ACTIVITY:
Could you print the stretch of lines below from the one with "Rückseite: gelaufen 1911 von Kiel" through the one with "Beskrivelse: Lågskål til", exactly as they stand and without any pictures?

GIVEN ENTRIES:

Content starts

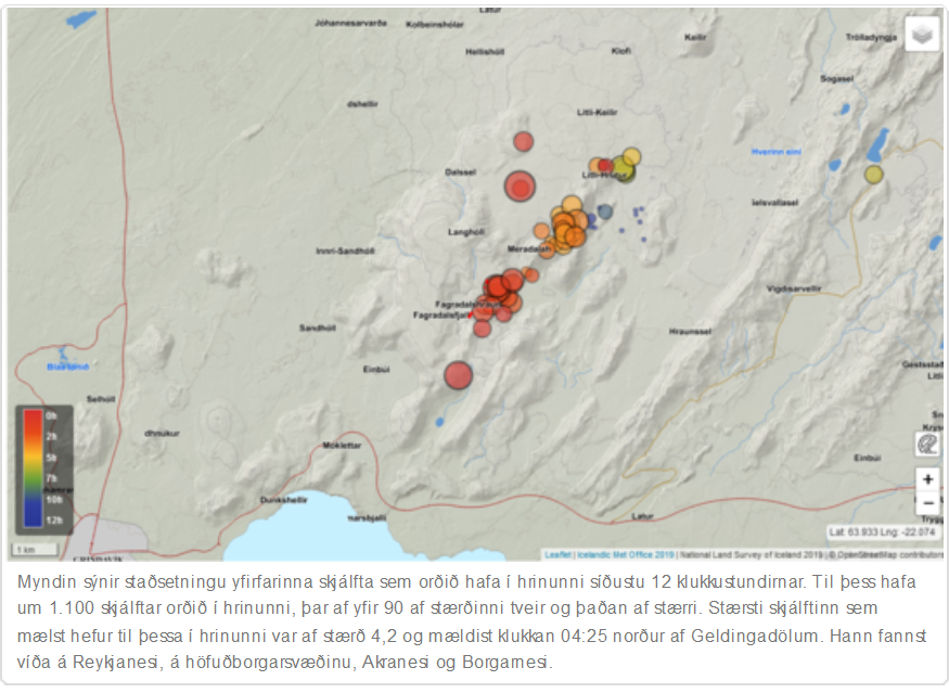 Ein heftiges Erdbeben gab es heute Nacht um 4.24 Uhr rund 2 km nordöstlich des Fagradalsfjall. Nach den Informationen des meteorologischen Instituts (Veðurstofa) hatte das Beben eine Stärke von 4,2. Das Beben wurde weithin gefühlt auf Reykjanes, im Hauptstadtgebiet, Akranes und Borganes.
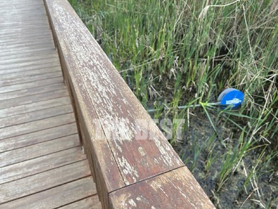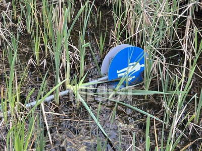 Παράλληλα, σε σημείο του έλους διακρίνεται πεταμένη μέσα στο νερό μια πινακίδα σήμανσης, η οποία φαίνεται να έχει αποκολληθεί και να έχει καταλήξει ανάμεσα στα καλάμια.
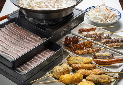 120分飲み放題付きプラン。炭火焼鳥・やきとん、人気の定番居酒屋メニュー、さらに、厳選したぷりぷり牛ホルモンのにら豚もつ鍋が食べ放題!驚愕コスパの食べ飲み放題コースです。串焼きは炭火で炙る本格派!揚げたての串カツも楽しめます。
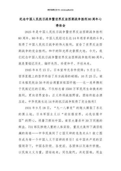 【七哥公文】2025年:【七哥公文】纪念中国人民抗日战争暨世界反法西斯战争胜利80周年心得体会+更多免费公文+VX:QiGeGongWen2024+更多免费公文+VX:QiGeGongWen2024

Content ends
Content starts

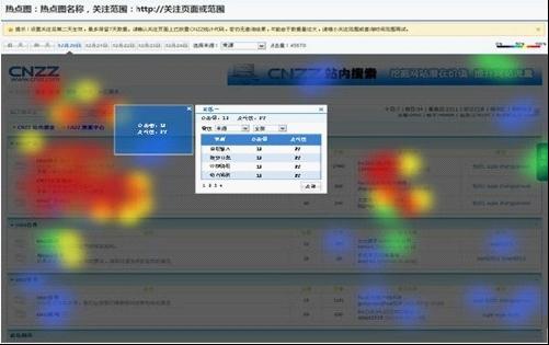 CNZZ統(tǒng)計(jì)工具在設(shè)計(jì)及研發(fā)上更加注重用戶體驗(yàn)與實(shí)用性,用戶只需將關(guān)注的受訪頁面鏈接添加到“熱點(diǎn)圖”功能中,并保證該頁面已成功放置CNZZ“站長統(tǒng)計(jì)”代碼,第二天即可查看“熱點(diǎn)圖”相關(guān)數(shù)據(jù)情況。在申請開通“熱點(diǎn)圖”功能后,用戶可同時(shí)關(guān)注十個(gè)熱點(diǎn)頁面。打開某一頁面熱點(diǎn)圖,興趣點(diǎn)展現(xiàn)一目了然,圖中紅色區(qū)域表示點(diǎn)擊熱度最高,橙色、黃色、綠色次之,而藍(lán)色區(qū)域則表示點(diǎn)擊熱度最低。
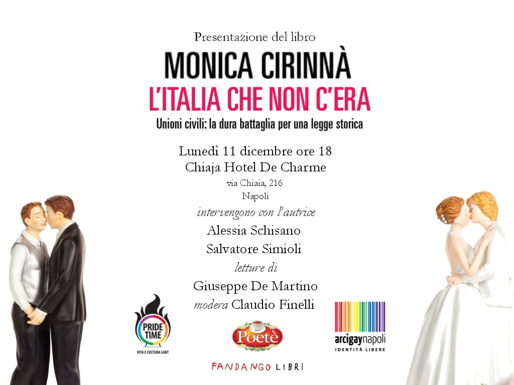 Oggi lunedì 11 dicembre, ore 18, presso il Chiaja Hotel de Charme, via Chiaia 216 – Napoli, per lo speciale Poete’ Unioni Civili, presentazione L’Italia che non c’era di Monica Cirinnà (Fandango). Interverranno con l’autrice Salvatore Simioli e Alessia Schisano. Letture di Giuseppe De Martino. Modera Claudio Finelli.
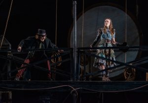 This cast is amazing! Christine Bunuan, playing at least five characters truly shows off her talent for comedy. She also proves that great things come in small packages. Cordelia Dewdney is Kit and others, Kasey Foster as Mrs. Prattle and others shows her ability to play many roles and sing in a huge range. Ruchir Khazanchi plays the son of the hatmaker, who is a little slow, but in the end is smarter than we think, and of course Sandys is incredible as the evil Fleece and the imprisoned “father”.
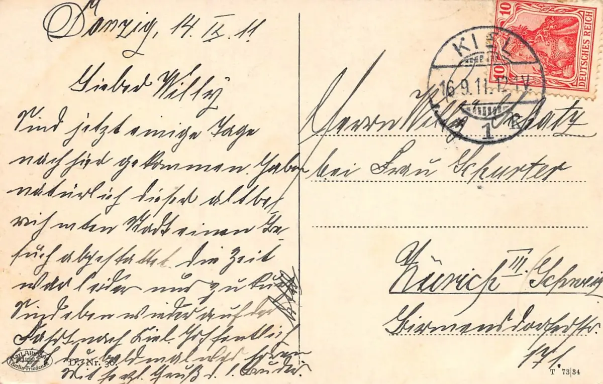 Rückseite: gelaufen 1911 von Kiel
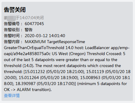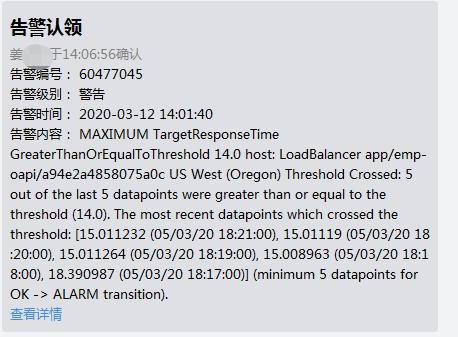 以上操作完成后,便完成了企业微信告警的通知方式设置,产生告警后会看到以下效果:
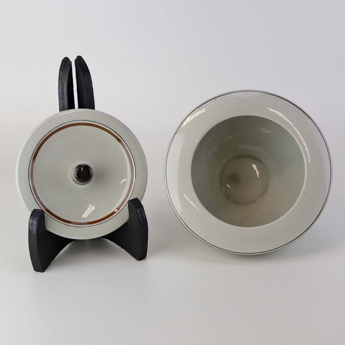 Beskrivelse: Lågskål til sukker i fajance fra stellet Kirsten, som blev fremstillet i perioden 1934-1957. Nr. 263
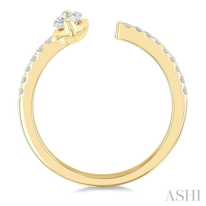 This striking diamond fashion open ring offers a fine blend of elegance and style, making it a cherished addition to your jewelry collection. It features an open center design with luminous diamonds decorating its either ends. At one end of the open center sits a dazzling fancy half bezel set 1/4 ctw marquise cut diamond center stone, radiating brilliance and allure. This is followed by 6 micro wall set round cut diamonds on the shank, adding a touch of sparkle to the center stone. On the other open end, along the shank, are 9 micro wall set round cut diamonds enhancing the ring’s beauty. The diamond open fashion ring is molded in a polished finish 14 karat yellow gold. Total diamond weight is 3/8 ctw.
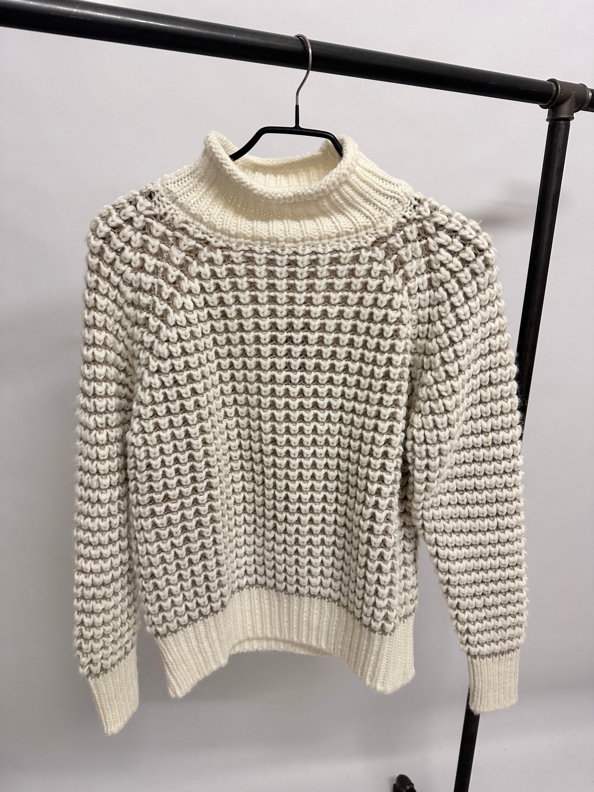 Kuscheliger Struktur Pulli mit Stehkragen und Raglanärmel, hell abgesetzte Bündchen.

Content ends

RESULT OF THIS EXERCISE:
 Rückseite: gelaufen 1911 von Kiel
 以上操作完成后,便完成了企业微信告警的通知方式设置,产生告警后会看到以下效果:
 Beskrivelse: Lågskål til sukker i fajance fra stellet Kirsten, som blev fremstillet i perioden 1934-1957. Nr. 263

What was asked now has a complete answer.